Yargıtay Kararı 10. Hukuk Dairesi 2021/8292 E. 2022/1493 K. 08.02.2022 T.

YARGITAY KARARI
DAİRE : 10. Hukuk Dairesi
ESAS NO : 2021/8292
KARAR NO : 2022/1493
KARAR TARİHİ : 08.02.2022

Mahkemesi : … Bölge Adliye Mahkemesi 11. Hukuk Dairesi
İlk Derece
Mahkemesi : … 1. İş Mahkemesi

Dava, boşandığının eşiyle fiilen birlikte yaşadığından bahisle yersiz ödenen ölüm aylığının yasal faiziyle tahsili istemine ilişkindir.
İlk Derece Mahkemesince, hükümde belirtilen gerekçelerle davanın kabulüne dair verilen karara karşı davalı vekili tarafından istinaf yoluna başvurulması üzerine, … Bölge Adliye Mahkemesi 11. Hukuk Dairesince istinaf başvurusunun esastan reddine karar verilmiştir.
… Bölge Adliye Mahkemesi 11. Hukuk Dairesince verilen kararın, davalı vekili tarafından temyiz edilmesi üzerine, temyiz isteğinin süresinde olduğu anlaşıldıktan ve Tetkik Hâkimi … tarafından düzenlenen raporla dosyadaki kağıtlar okunduktan sonra işin gereği düşünüldü ve aşağıdaki karar tespit edildi.
Dosyadaki yazılara, hükmün Dairemizce de benimsenmiş bulunan yasal ve hukuksal gerekçeleriyle dayanağı maddî delillere ve özellikle bu delillerin takdirinde bir isabetsizlik görülmemesine göre, yerinde bulunmayan bütün temyiz itirazlarının reddiyle usul ve kanuna uygun olan hükmün ONANMASINA, aşağıda yazılı temyiz harcının davalıdan alınmasına,
dosyanın kararı veren İlk Derece Mahkemesine gönderilmesine, Üye …’ın muhalefetlerine karşı, Başkan … ile Üyeler …, … ve …’ün oyları ve oy çokluğuyla, 08/02/2022 gününde karar verildi.
KARŞI OY GEREKÇESİ
Somut uyuşmazlıkta, davalı kadın 2002 yılında eşinden boşanmıştır.
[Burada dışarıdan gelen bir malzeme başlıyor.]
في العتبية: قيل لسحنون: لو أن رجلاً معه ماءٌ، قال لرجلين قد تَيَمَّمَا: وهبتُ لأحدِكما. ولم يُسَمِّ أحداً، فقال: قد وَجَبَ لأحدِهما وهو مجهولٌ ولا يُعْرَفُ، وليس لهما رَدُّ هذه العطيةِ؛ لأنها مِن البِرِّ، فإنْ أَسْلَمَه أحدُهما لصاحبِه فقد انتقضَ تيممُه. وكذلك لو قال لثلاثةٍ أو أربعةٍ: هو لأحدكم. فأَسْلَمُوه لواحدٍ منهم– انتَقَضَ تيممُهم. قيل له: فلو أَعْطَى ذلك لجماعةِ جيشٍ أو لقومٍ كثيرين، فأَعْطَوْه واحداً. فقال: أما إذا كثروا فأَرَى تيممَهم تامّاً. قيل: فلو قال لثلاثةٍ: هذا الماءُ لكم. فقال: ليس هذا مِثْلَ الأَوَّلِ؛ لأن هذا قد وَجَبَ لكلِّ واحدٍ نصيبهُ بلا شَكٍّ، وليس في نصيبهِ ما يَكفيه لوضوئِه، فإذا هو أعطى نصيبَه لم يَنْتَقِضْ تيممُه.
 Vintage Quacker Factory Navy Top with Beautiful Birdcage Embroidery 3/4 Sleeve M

Davalı kadına boşandıktan kısa bir süre sonra 1992 yılında ölen babasından yetim aylığı bağlanmış ve eski eşi ile fiili birlikteliğinin kurum tarafından denetim raporu ile anlaşılması üzerine 2008-2013 yıllar için 5510 sayılı Kanunun 56. maddesi uyarınca boşandığı eşi ile birlikte yaşadığı gerekçesi ile ödenen aylıklar için borç çıkarılmış, iadesi için kurum tarafından dava açılmıştır.
Dairemizin 07.10.2021 tarih ve 2021/7072 Esas, 2021/11762 Karar sayılı ilamında yazılan karşı oy gerekçelerimde belirttiğim gibi davacı boşandığında 506 sayılı Kanun yürürlüktedir. 5510 sayılı Kanunun 5754 sayılı Kanunun 68. Maddesi ile değişik geçici 1. maddesi uyarınca kesilmede mevzuat hükümleri kanun uygulanmalıdır. Anılan mevzuat hükümlerinde ise boşanılan eş ile birlikte yaşama olgusu bir kesilme nedeni olarak düzenlenmemiştir. 5510 sayılı Kanunun 01.10.2008 tarihinden önce gerçekleşen boşanma olgusuna uygulanması olanağı, önceye etki yasağı nedeni ile olanaklı değildir.
Çoğunluğun önceye etki yasağı ilkesine aykırı olarak, lafzi yorum ve sigortalı aleyhine yorumu benimseyerek, sonradan gerçekleşip gerçekleşmediği araştırılarak salt birlikte yaşama ve boşanan eşin desteğini alma koşulunu yeterli kabul etmesi ve bu yönde yerel mahkeme kararını onaması Kanunun ve Anayasa Mahkemesinin iptal kararının gerekçelerine aykırıdır.
Açıklanan bu gerekçelerle mahkeme kararının kesin olarak bu gerekçelerle bozulması gerekirken, onanması görüşüne katılınmamıştır.